22h11, soudain, la démonstration de François Hollande est allée dans le décor, car le candidat socialiste a répliqué à son interlocuteur qui expliquait que la France était l’un des pays les plus imposés. François Hollande lui a rappelé que c’est lui qui a augmenté le taux global d’imposition à 44% du PIB… ce qui permettait au Président sortant de pointer une nouvelle incohérence de raisonnement, car il prouvait ainsi qu’il avait augmenté les impôts et qu’il n’avait pas fait de cadeaux aux plus riches puisqu’il a établi une taxe sur les transactions financières.
Ce n’est pas la seule fois où l’opposition systématique de François Hollande, son seul objectif de le contrer, a rendu son raisonnement intellectuellement faillible.
22h20, il y a eu une nouvelle dispute sur du factuel. La question : l’école primaire française est-elle la moins bien encadrée d’Europe ? Il y a un taux de 23 par classe. Nicolas Sarkozy a parlé de l’ensemble des classes (primaire et secondaire) tandis que François Hollande n’a parlé que du primaire.

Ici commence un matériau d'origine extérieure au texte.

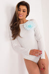 Elegante Bodys sind eine Kombination aus Stil und Komfort und bieten die perfekte Grundlage für zahlreiche Stylings. Sie sind aus hochwertiger Baumwolle gefertigt, bieten Tragekomfort und ein weiches Material und sind daher die ideale Wahl für viele Gelegenheiten. Das vorherrschende Muster ist eine schlichte Oberfläche, die dem Body Vielseitigkeit und Eleganz verleiht. Die langen Ärmel und der runde Halsausschnitt ergeben einen klassischen Schnitt, der sich ideal dazu eignet, ihn sowohl solo als auch unter anderen Kleidungsstücken zu tragen. Eine dekorative Blume auf der Vorderseite verleiht dem Body einen einzigartigen Charme und Subtilität. Diese zarte Verzierung verleiht Weiblichkeit und ist gleichzeitig ein interessantes Schmuckelement, das ins Auge fällt. Ein eleganter Body ist eine ausgezeichnete Wahl für Frauen, die Stil mit Komfort verbinden und subtile, aber dennoch auffällige Kombinationen schaffen möchten. Seine Vielseitigkeit ermöglicht es ihm, ihn zu verschiedenen Anlässen zu tragen und dabei den individuellen Geschmack und die Eleganz der Trägerin zu betonen.

22h23, François Hollande a développé son plan de croissance européenne qui paraît intéressant, en quatre points dont les eurobonds et un changement de fonctionnement avec la BCE. Pour les autres points, Nicolas Sarkozy a dit qu’ils étaient déjà à l’œuvre mais s’est montré farouchement hostile aux eurobonds (ce qui est une erreur à mon avis) et a rappelé que des négociations difficiles ont déjà eu lieu avec la BCE pour assouplir son mode de fonctionnement (en ajoutant que Maastricht avait été négocié par les socialistes).
Alors que le candidat socialiste avait réussi à relever le niveau en mettant en avant son plan européen, il s’est ensuite enlisé en rappelant l’amitié entre l’ancien Premier Ministre espagnol Zapatero et le Président sortant qui fustigeait les socialistes espagnols, ce qui n’est pas très futé puisqu’il a conforté ainsi la démonstration de son rival (à 22h26).